▶ _Work instructions_
From the first line of the data below through the line holding "王见村学校教职工合影,后排右一为路亚丽。受访者供图", output each line exactly and leave the pictures out.
(Data extracts begins)
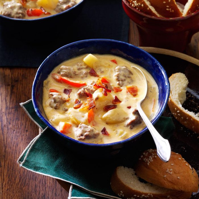 The taste of a good bacon cheeseburger is hard to beat until you try this cheeseburger chowder! It's hearty, convenient and family-friendly. —Kristin Stone, Little Elm, Texas
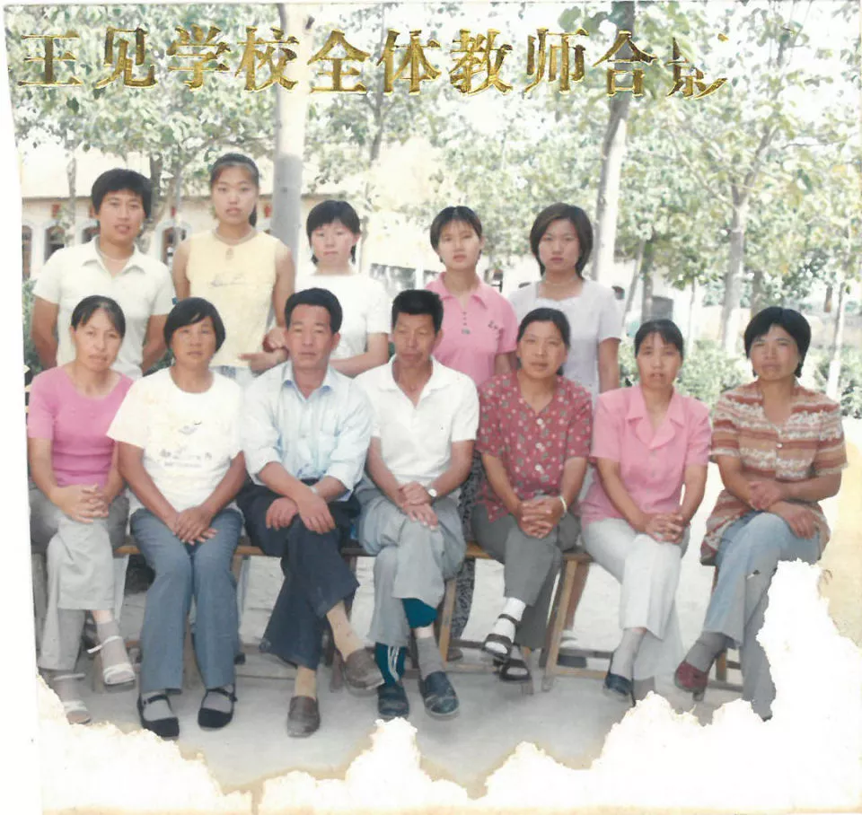 王见村学校教职工合影,后排右一为路亚丽。受访者供图
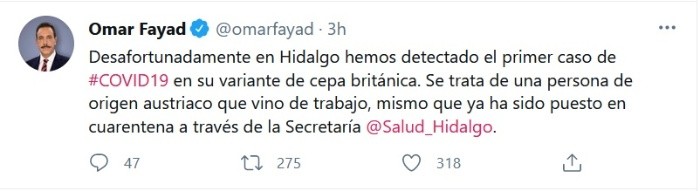 El gobernador de Hidalgo, Omar Fayad Meneses, confirmó que el ciudadano austriaco que se encuentra en aislamiento forzoso en esta entidad dio positivo a la cepa británica de COVID-19.A través de sus redes sociales, el mandatario señaló, "desafortunadamente en Hidalgo hemos detectado el primer caso de COVID-19 en su variante británica. Se trata de una persona de origen austriaco que vino de trabajo, mismo que ya ha sido puesto en cuarentena a través de la Secretaría".El titular de Salud de esta entidad, Efraín Benítez Herrera, había dado a conocer que se tenía en aislamiento forzoso a un ciudadano extranjero que dio positivo a COVID-19.En un primer momento se desconocía si esta persona se infectó en territorio nacional o ya tenia la enfermedad; sin embargo ya fue confirmado con la cepa británica.Precisó que el ciudadano extranjero está en aislamiento forzoso.El funcionario dijo que el laboratorio de Salud Estatal en conjunto con la Universidad Politécnica trabajan en la búsqueda y secuenciación genómica de las nuevas variantes de COVID-19 que han sido detectadas por la Organización Mundial de la Salud.Señaló que se tienen dos criterios para la investigación en las que se incluye a todo paciente sospechoso o positivo que haya viajado al extranjero y quien haya tenido contacto con alguien positivo que haya viajado al extranjero.Indicó que se pondrá mayor atención en los municipios que tiene una alta movilidad de personas que viajan al extranjero como Tula, Pachuca, Ixmiquilpan, Apan y Tulancingo.JM
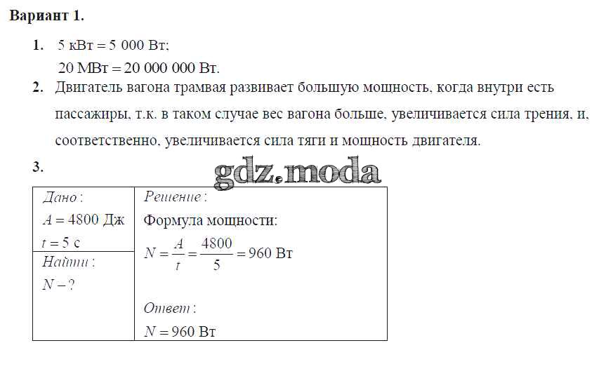 самостоятельная работа / ср-№56. мощность. единицы мощности / вариант №1
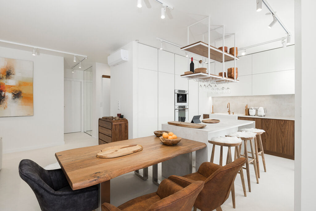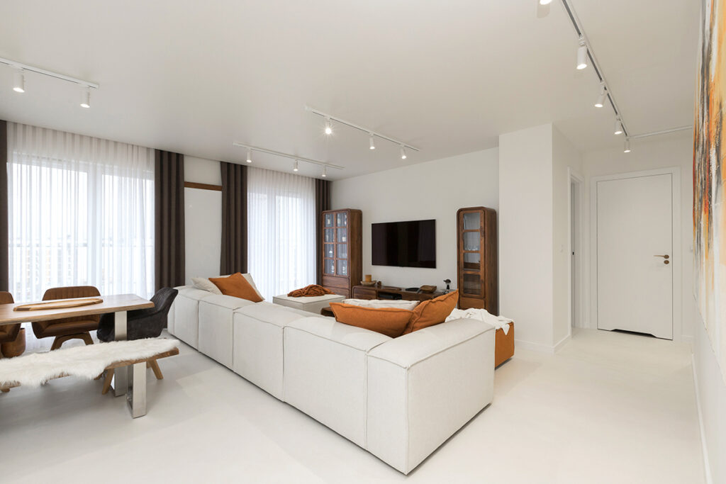 Every home must also not lack a bedroom – a place where we rest and regenerate our strength. That is why it is so important that it is decorated in a way that promotes our comfort and relaxation. In this bedroom, everything has been perfectly composed so that it is a coherent part of the whole house. The elegant white bed that is the focal point of the room, set on a sleek microcement floor, evokes an immediate desire to relax, like in a luxury hotel. Stylish furnishings, such as the abstract painting kept in muted colours, solid wood furniture with rounded shapes and heavy brown curtains, add intimacy and privacy to the room. Delicate openwork and wicker lamps give the interior a pleasantly warm and atmospheric feel. All this adds up to an ideal place for relaxation and regeneration.
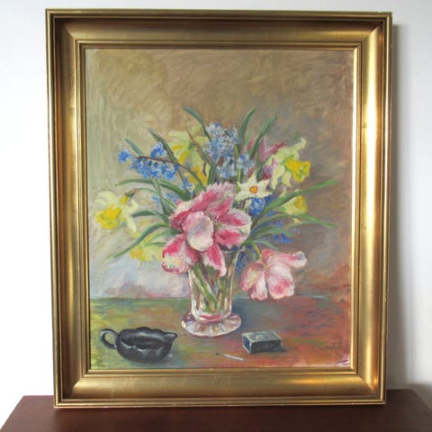 Skaber sommerstemning. Stokroser og pelargonier i klarer farver. Bred hvid træramme.
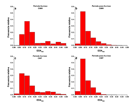 En el CMP la distribución de frecuencias (Figura 6c) muestra que, durante el periodo lluvioso, el pico se alcanza en el intervalo de 0.05 -0.10, el 76 % de los casos se encuentra entre 0.05 y 0.20, también se observa una mayor dispersión en los valores del EOA500. En el periodo poco lluvioso (Figura 6d), muestra similitud entre los dos puntos de medición, encontrándose el máximo de los casos en el rango 0.05-0.10 y el 89% de los casos se encuentra entre 0.05-0.20.
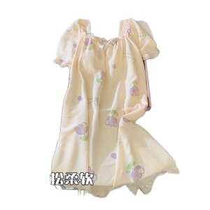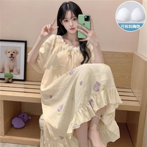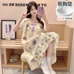 带胸垫短袖睡裙夏季云朵棉2025新款睡裙中长款宽松可爱卡通家居服
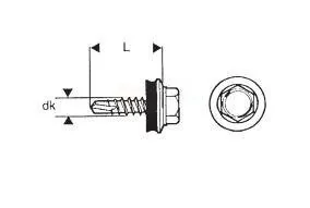 Łącznik wiercący samogwintujący ze stali węglowej utwardzanej powierzchniowo,ocynkowany elektrolitycznie, ze zredukownym punktem wiercącym,gwintem do drewna oraz łbem sześciokątnym podkładkowym, z zamontowaną podkładką stalową z n
(Data extracts ends)
▶ _Finished task_
 The taste of a good bacon cheeseburger is hard to beat until you try this cheeseburger chowder! It's hearty, convenient and family-friendly. —Kristin Stone, Little Elm, Texas
 王见村学校教职工合影,后排右一为路亚丽。受访者供图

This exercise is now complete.